WHAT YOU WILL DO>
Repeat the records exactly, with one exception: no images.

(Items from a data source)
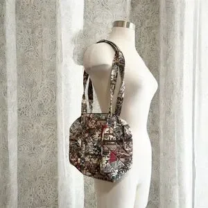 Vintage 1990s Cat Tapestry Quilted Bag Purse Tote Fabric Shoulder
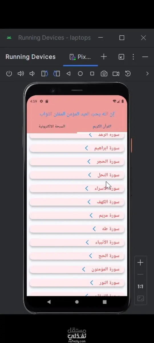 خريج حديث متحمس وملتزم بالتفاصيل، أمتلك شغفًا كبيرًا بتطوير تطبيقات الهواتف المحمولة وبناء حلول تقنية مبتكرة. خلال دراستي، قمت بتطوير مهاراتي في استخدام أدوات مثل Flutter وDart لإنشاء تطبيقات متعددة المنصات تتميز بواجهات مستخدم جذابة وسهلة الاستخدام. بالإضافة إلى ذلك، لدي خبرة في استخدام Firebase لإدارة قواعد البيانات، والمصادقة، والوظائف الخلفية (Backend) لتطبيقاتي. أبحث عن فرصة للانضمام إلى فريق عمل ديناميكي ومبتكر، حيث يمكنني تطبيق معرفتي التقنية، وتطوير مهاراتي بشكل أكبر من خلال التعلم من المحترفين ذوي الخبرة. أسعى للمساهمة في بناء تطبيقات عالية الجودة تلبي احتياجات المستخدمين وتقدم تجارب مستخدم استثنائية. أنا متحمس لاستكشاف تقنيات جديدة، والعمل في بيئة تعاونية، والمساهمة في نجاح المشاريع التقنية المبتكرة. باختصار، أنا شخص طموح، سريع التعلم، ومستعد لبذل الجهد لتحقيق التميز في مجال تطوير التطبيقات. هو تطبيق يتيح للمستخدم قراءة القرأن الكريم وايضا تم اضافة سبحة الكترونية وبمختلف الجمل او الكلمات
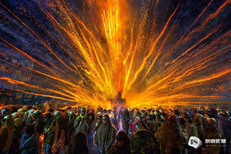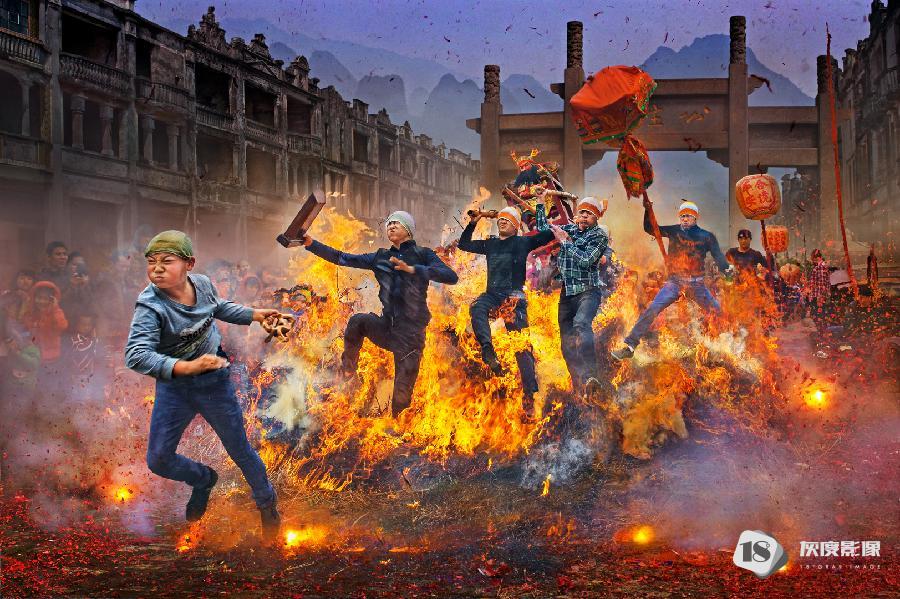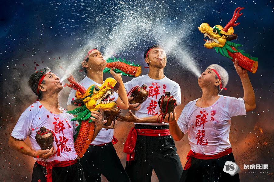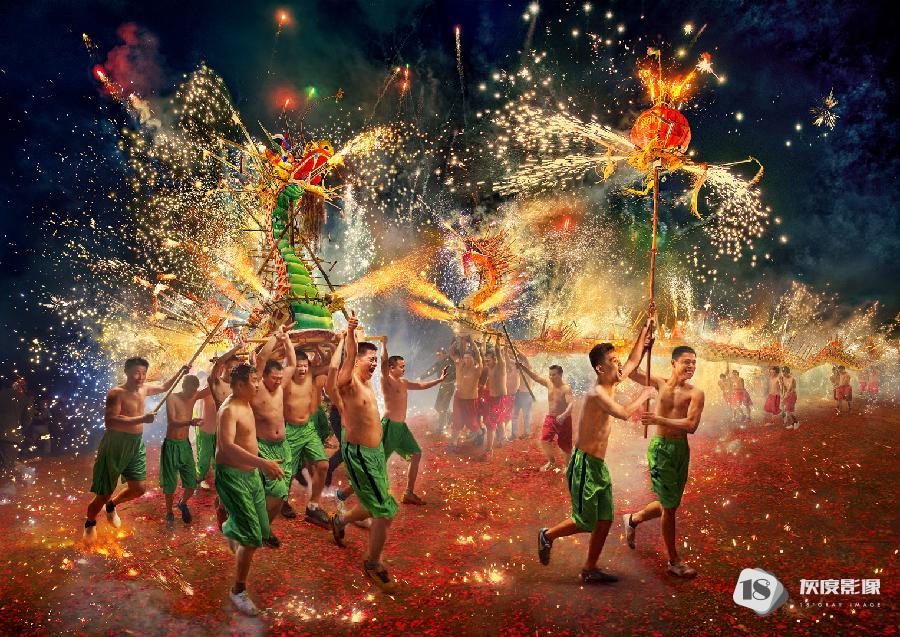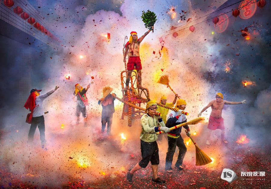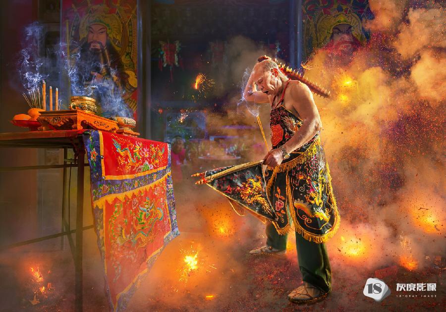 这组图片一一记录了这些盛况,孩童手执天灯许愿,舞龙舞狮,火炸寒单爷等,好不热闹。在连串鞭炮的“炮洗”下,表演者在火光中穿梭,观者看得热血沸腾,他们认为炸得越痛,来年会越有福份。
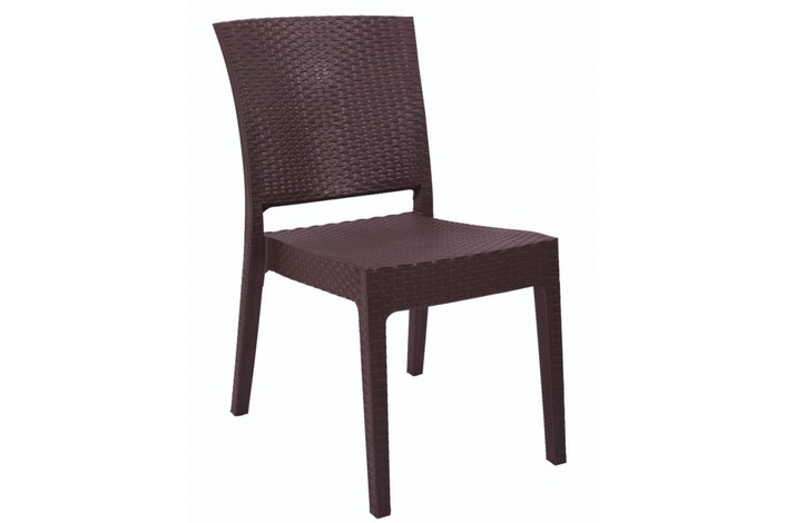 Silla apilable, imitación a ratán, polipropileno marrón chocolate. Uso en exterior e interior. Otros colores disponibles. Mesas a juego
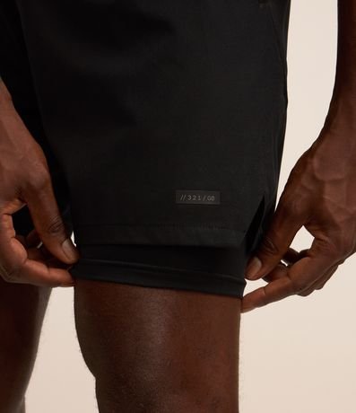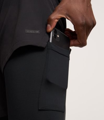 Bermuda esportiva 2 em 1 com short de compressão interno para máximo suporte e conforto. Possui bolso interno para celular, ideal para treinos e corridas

REPLY TO THE EXERCISE>
 Vintage 1990s Cat Tapestry Quilted Bag Purse Tote Fabric Shoulder
 خريج حديث متحمس وملتزم بالتفاصيل، أمتلك شغفًا كبيرًا بتطوير تطبيقات الهواتف المحمولة وبناء حلول تقنية مبتكرة. خلال دراستي، قمت بتطوير مهاراتي في استخدام أدوات مثل Flutter وDart لإنشاء تطبيقات متعددة المنصات تتميز بواجهات مستخدم جذابة وسهلة الاستخدام. بالإضافة إلى ذلك، لدي خبرة في استخدام Firebase لإدارة قواعد البيانات، والمصادقة، والوظائف الخلفية (Backend) لتطبيقاتي. أبحث عن فرصة للانضمام إلى فريق عمل ديناميكي ومبتكر، حيث يمكنني تطبيق معرفتي التقنية، وتطوير مهاراتي بشكل أكبر من خلال التعلم من المحترفين ذوي الخبرة. أسعى للمساهمة في بناء تطبيقات عالية الجودة تلبي احتياجات المستخدمين وتقدم تجارب مستخدم استثنائية. أنا متحمس لاستكشاف تقنيات جديدة، والعمل في بيئة تعاونية، والمساهمة في نجاح المشاريع التقنية المبتكرة. باختصار، أنا شخص طموح، سريع التعلم، ومستعد لبذل الجهد لتحقيق التميز في مجال تطوير التطبيقات. هو تطبيق يتيح للمستخدم قراءة القرأن الكريم وايضا تم اضافة سبحة الكترونية وبمختلف الجمل او الكلمات
 这组图片一一记录了这些盛况,孩童手执天灯许愿,舞龙舞狮,火炸寒单爷等,好不热闹。在连串鞭炮的“炮洗”下,表演者在火光中穿梭,观者看得热血沸腾,他们认为炸得越痛,来年会越有福份。
 Silla apilable, imitación a ratán, polipropileno marrón chocolate. Uso en exterior e interior. Otros colores disponibles. Mesas a juego
 Bermuda esportiva 2 em 1 com short de compressão interno para máximo suporte e conforto. Possui bolso interno para celular, ideal para treinos e corridas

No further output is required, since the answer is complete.